During the 1930s, in the depths of the Great Depression, many people gave up on freedom and limited government. The modern welfare state–with its confiscatory tax rates, massive bureaucracies, and invasive regulations–was born. The irony of it, of course, is that government caused the Great Depression and once it arrived, government kept the private sector from climbing back out for 10 painful years.
People all around us today are still giving up, calling for increased government spending, more regulations, and higher taxes. Republicans and Democrats alike get elected by promising more–never less. The ethics that once supported a culture of self-government are rarely discussed, even less often taught to the next generation.
What Would the Founders Say?
If the Founders were here today, what would they think of a federal government that spends 20 percent of the country’s GDP and runs up a $400 billion deficit in a single year? Would they be pleased that government owns and operates the schools 90 percent of our children attend, pays for 40 percent of all health care expenditures, forces the top 10 percent of income earners to pay two-thirds of federal taxes, and allows 36 million families to pay no income taxes at all?

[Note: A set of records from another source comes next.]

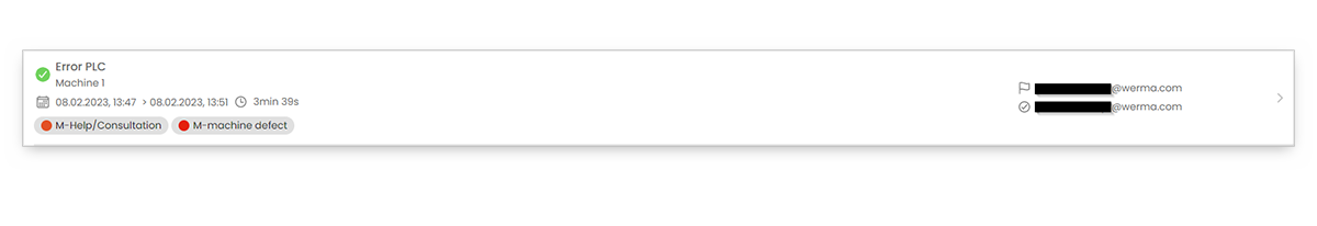 - Hinterlegter User: Hier sehen Sie, von wem der Vorfall geöffnet (Flagge) und geschlossen (Haken) wurde.
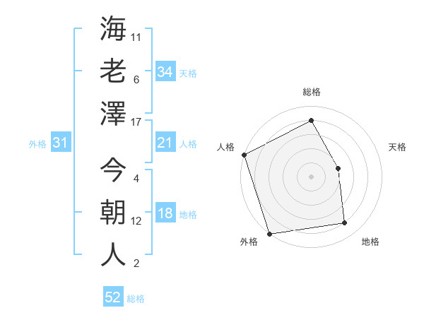 海老澤 今朝人さんを姓名の画数から五運を鑑定
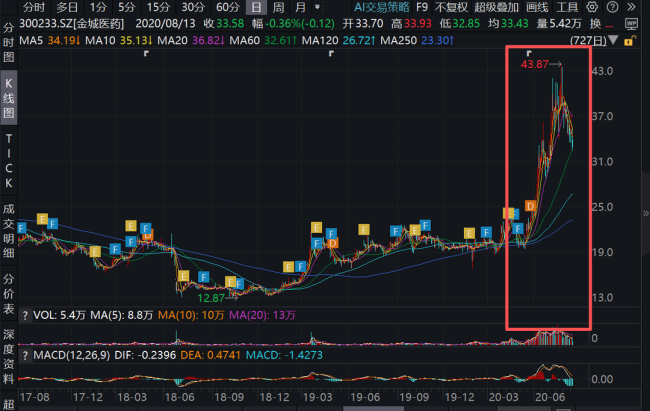 操纵期间,金城医药股价呈先“下跌”后“上涨”趋势,其间股票最低点出现在2018年10月,为12.87元/股,最高点出现在2019年9月,为22.63元/股。值得注意的是,在2020年5月,金城医药迎来一波大涨,仅仅2个月时间,其股价累计最大涨幅超过120%。截至2025年12月12日,该公司收盘价为14.73元/股,总市值约56.54亿元。
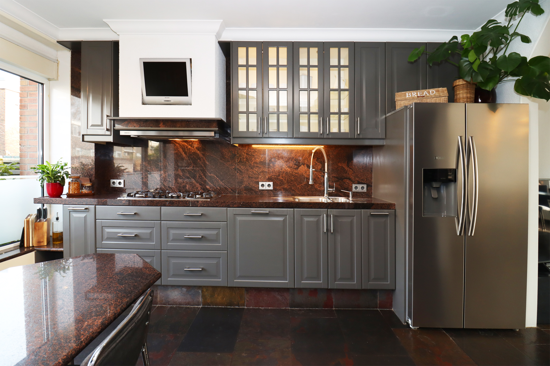 Begane grond: Trapje naar entree, hal met garderobe, trapopgang en toiletruimte met wandcloset en fonteintje. Aan de straatzijde gelegen halfopen keuken met grote raampartij en toegangsdeur naar de kelderruimte. De keuken is voorzien van een rechte keukenopstelling met diverse inbouwapparatuur, een separate koffiecorner en een ingebouwde apparatenkast. De uitgebouwde, tuingerichte woonkamer beschikt over een schouw met gashaard, een lichtkoepel en een grote raampartij met deur naar het terras en de tuin.
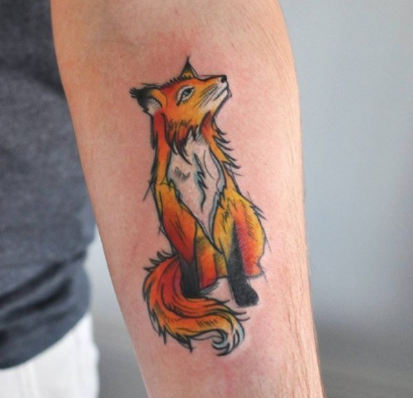 26款彩色狐狸纹身简单线条纹身水彩小动物纹身图案
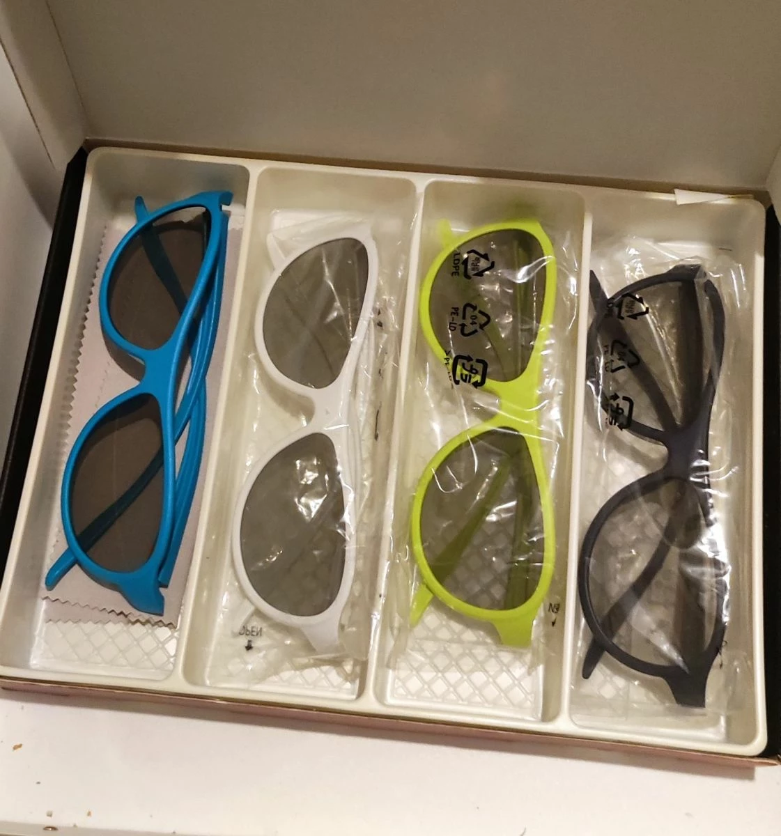 4 ζευγάρια γυαλιά 3d lg cinema AG-F315 με το πανάκι καθαρισμού τους, μόνο το ένα έχει χρησιμοποιηθεί ελάχιστα.

More importantly, what would we say to them? That their experiment just didn’t work? That we tried freedom but it was just too difficult? Or would we make excuses, admitting that yes, we know government is too big and our freedoms have been compromised (again and again and again), but we are just too darn busy–with our jobs, our families, and more than 100 cable TV channels to choose from–to stand up and say “No more! This far and no farther!”
Champions Again
We dishonor the Founders’ memory by refusing to make the sacrifices necessary to preserve their legacy. Instead of presiding over the demise of the greatest accomplishment in human history, putting our cowardliness and selfishness on display at every election and every time Congress is in session, we should fight to restore the freedoms that are our birthright.
The Heartland Institute devotes its resources to engaging in debates over current questions of public policy, from school reform to environmental regulation to health care finance. But our perspective is firmly rooted in what the Founders believed in and fought for.
Heartland members and donors haven’t given up on freedom. We still believe in this marvelous thing, this miracle, we call American civilization.
On October 16, more than 500 freedom fighters will gather in Chicago to celebrate The Heartland Institute’s nineteenth year and to rededicate ourselves to defending the Founders’ vision of a free society. We will come from all parts of the country and from many backgrounds, and we will disagree on many political issues of the day. But we will be steadfast in our commitment to “this nation, conceived in liberty and dedicated to the proposition that all men are created equal,” and our determination that it “shall not perish from the earth.”